1.- Types d’arrhes et conséquences juridiques
Dans la pratique immobilière, les arrhes constituent une clause accessoire d’un contrat ou d’un avant-contrat de vente, consistant en la remise d’une somme d’argent partielle à titre d’acompte sur le prix convenu, bien qu’elles puissent remplir différentes fonctions.
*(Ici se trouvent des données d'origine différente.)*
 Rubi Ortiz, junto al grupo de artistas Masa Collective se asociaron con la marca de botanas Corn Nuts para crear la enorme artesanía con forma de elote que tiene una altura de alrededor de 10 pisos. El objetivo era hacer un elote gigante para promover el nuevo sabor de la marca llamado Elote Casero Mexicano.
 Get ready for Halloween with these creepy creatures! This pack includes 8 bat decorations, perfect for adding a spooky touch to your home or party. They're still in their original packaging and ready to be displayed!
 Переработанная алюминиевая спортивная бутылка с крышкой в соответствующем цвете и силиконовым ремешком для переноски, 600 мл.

Ainsi, les arrhes servent de gage destiné à confirmer la transaction, à garantir l’exécution du contrat en prévoyant les conséquences de son inexécution ou, le cas échéant, à établir un droit de rétractation assorti de conséquences financières prédéterminées.
1.1.- Arrhes confirmatoires
Les arrhes confirmatoires s’apparentent à une avance en argent dans le cadre d’un contrat de vente déjà conclu, dont l’objectif est de renforcer son existence et son caractère contraignant.
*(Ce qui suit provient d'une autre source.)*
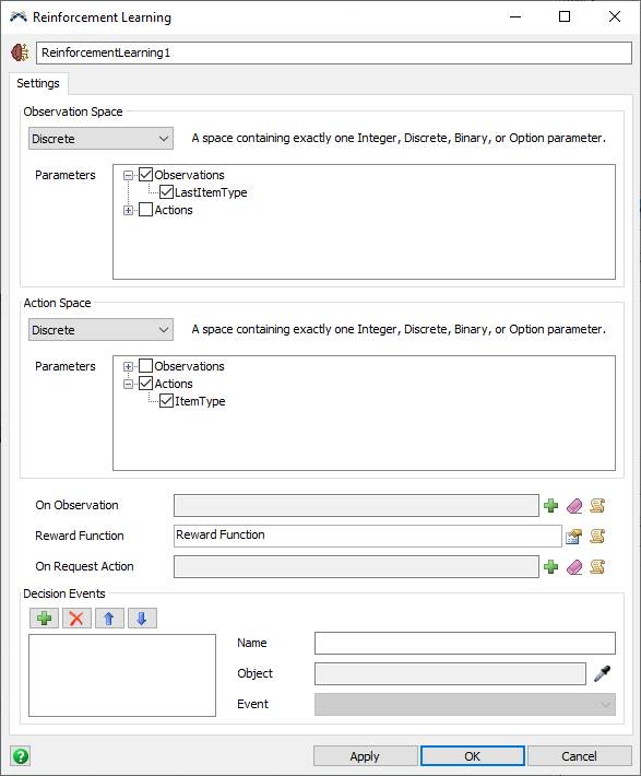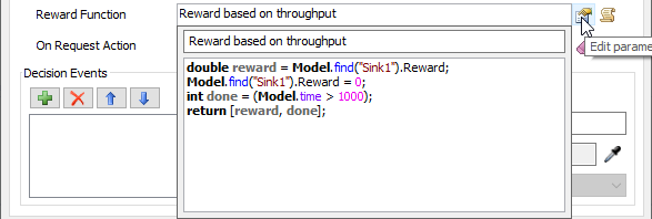 24. Back on the Reinforcement Learning properties window, edit the parameters for the Reward Function.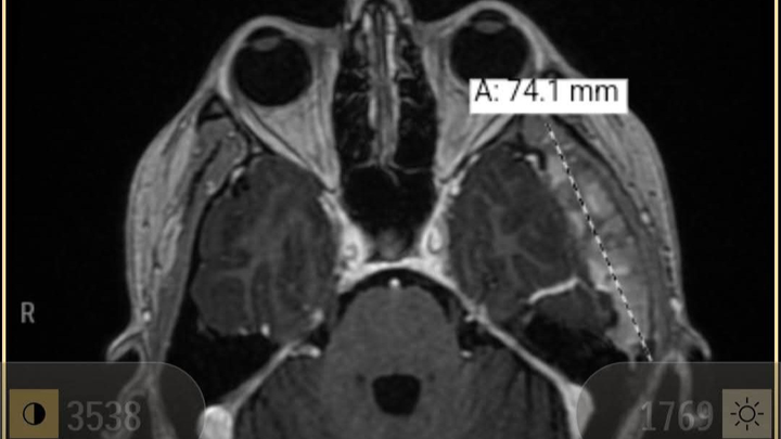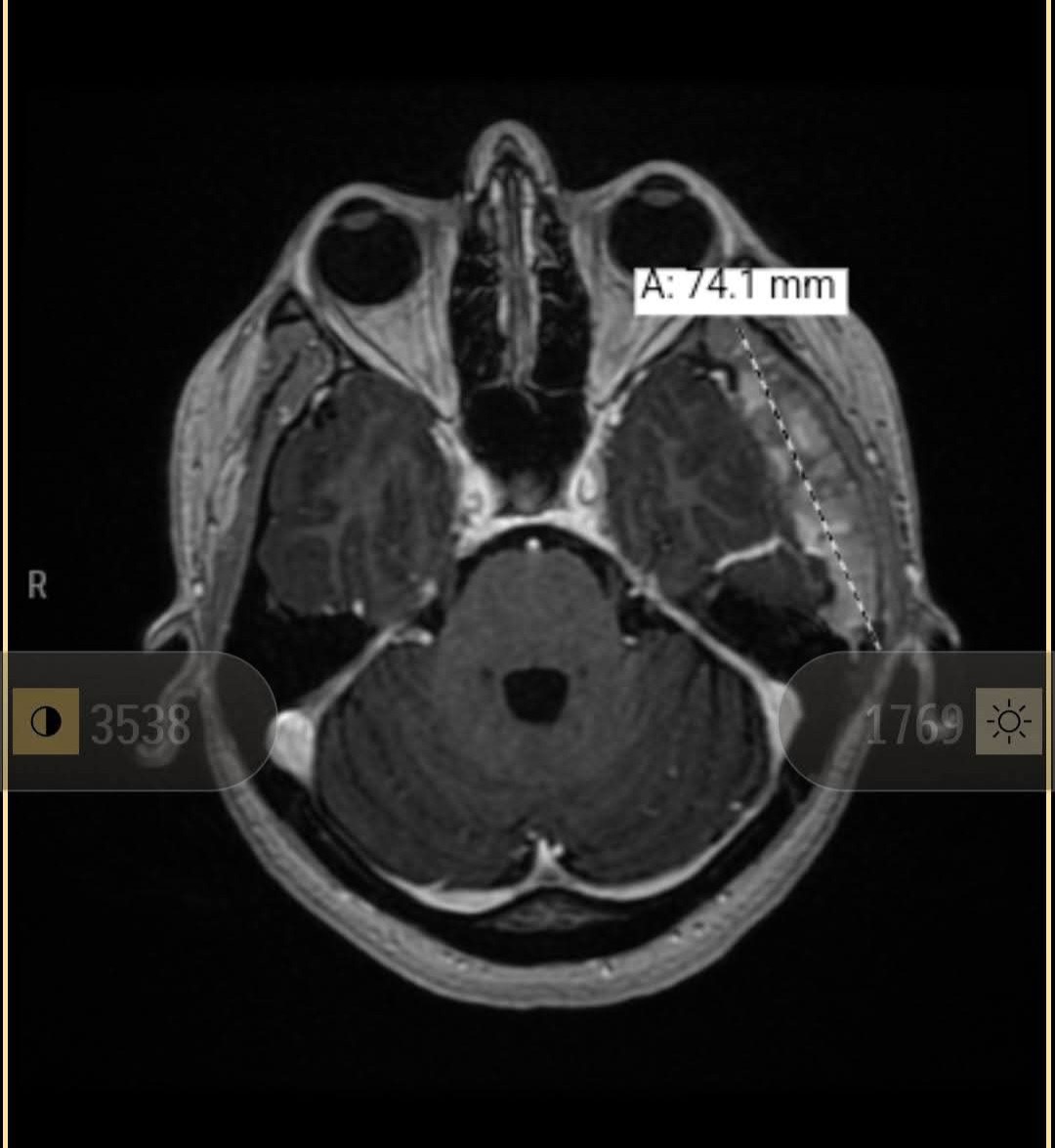 My neurologist team believes it is fibrous dysplasia (extra bone growth of the skull) based on the tests that have come back, and hope to treat it with medication and other methods to decrease the size before considering a full removal, which would require a major reconstructive surgery of my skull. If they did have to remove the mass, a large chunk of skull that has been bulged out from it growing would have to be removed and replaced with a custom 3D printed plate to cover my brain.

Dans ce cas, le paiement constitue un acte d’exécution du contrat, dans la mesure où il lie pleinement les parties, sans qu’un désistement unilatéral ne soit possible. Par conséquent, si l’une des parties manque à l’obligation qu’elle a contractée, l’autre partie peut opter pour la résiliation du contrat ou pour l’exigence judiciaire de son exécution, avec droit, dans les deux cas, à l’indemnisation correspondante pour dommages et intérêts, conformément à l’article 1124 du Code civil.
En pratique, ce qui est décrit dans le paragraphe précédent implique que l’acheteur ne peut se dégager du contrat en se contentant de perdre la somme versée, pas plus que le vendeur ne peut le faire en restituant le double de la somme perçue. De plus, le défaut de paiement de l’acheteur n’entraîne pas automatiquement la résiliation du contrat ; au contraire, conformément à l’article 1504 du Code civil, le vendeur doit au préalable adresser une mise en demeure judiciaire ou notariale, car jusqu’à ce moment-là, l’acheteur conserve le droit de payer et d’éviter la résiliation du contrat.
1.2.- Acomptes pénaux
Pour leur part, les acomptes pénaux ont la nature juridique d’une clause pénale, dont la fonction est de fixer à l’avance le montant de l’indemnité exigible en cas d’inexécution, conformément aux dispositions des articles 1152 et suivants du Code civil.
En règle générale, cette clause pénale se substitue à l’éventuelle indemnisation au titre des dommages-intérêts, ainsi qu’aux intérêts qui pourraient être applicables en cas d’inexécution. Toutefois, les parties, dans l’exercice de leur autonomie de volonté, peuvent convenir que les arrhes pénales s’ajoutent aux autres recours prévus par la loi.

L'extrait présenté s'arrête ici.